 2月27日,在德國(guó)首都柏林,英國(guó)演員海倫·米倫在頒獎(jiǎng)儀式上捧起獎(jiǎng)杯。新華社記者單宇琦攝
...
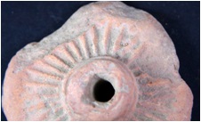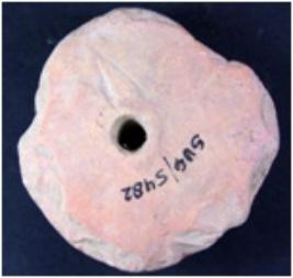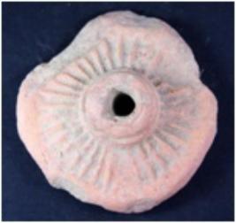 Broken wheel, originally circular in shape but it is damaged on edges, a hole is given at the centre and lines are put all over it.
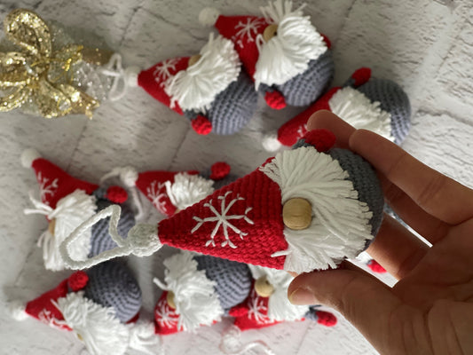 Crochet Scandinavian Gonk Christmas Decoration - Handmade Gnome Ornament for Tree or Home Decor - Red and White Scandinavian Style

TASK DESCRIPTION. Out of the records above, set down only the lines from the one that contains "Broken wheel, originally" through the one that contains "Crochet Scandinavian Gonk", unchanged and without the pictures.

SOLUTION FOR THIS PROBLEM.
 Broken wheel, originally circular in shape but it is damaged on edges, a hole is given at the centre and lines are put all over it.
 Crochet Scandinavian Gonk Christmas Decoration - Handmade Gnome Ornament for Tree or Home Decor - Red and White Scandinavian Style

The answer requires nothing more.